Yorkshire Water to install record number of acoustic loggers
Yorkshire Water has announced that it will invest £10 million to install a world-record number of acoustic loggers in its underground pipe network to detect leakage.
The loggers will be used to help the company meet its a target to reduce leakage by 15 per cent by 2020, and a further 25 per cent by 2025.
During a trial of the technology, 600 of the devices installed in the pipe network in West Yorkshire helped to identify 35 leaks in one month, which contributed to a saving of around approximately 86,400 litres of water.
Following that success, Yorkshire Water will now proceed to install 34,000 more of the devices by October this year, covering 20 per cent of its water distribution areas.
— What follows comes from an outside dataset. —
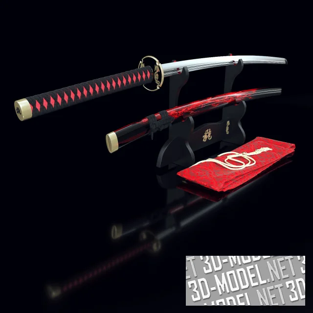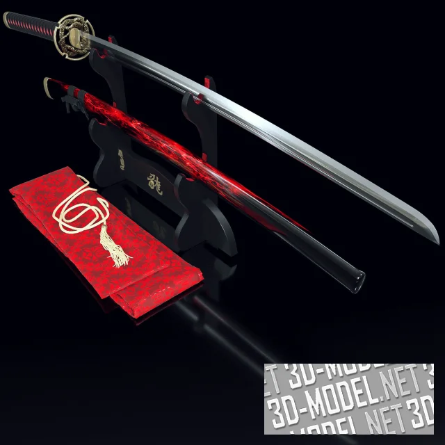 Черно-красный японский меч на черной деревянной подставке. Подставка двойная, с катаной наверху и красно-черными ножнами с живописными разводами. У основания подставки, декорированной золотистыми иероглифами, аккуратно сложен шелковый чехол с красным орнаментом и белым шнуром. Цуба катаны (гарда) - из золотистого металла, с изображениями дракона. Рукоять декорирована черным шнуром по красному фону.

This will bring its total count to 40,000, more than any other water company in the world.
Martyn Hattersley, head of leakage operations at Yorkshire Water, said: "Each acoustic 'ear', or logger, is capable of identifying a leak within a 150 meters radius, which is much more accurate than current technology allows.
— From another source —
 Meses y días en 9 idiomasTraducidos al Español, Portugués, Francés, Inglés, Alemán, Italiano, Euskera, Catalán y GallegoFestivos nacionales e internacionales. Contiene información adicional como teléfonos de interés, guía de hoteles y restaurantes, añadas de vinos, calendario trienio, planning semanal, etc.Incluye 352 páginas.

"It will give us a much greater understanding and visibility of what is happening in some of the areas most prone to leaks. By installing these devices, we will help our leakage technicians save millions of litres of water being wasted which will improve our water sustainability and reduce roadwork impact on customers."
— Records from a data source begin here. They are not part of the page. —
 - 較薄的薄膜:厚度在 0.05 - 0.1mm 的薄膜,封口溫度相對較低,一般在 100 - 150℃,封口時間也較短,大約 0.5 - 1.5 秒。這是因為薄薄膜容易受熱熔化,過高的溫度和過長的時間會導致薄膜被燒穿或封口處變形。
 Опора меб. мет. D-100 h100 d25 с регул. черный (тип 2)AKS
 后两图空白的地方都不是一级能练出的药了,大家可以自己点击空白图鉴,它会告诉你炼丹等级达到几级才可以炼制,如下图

Acoustic loggers listen to the flow of water through a pipe continuously and, if any anomalies in the noise are detected, an alarm is set off to alert the company's data analysis team. The data experts then analyse the noise to determine if it indicates a leak in the pipe and, if so, a leakage technician is sent out to find the precise location and repair the pipe, which takes around six days on average.
Yorkshire Water’s innovation team is currently working with the open data community by sharing sound files with them to better understand the sound profile of a leaky pipe, which will help its own analysts detect leaks.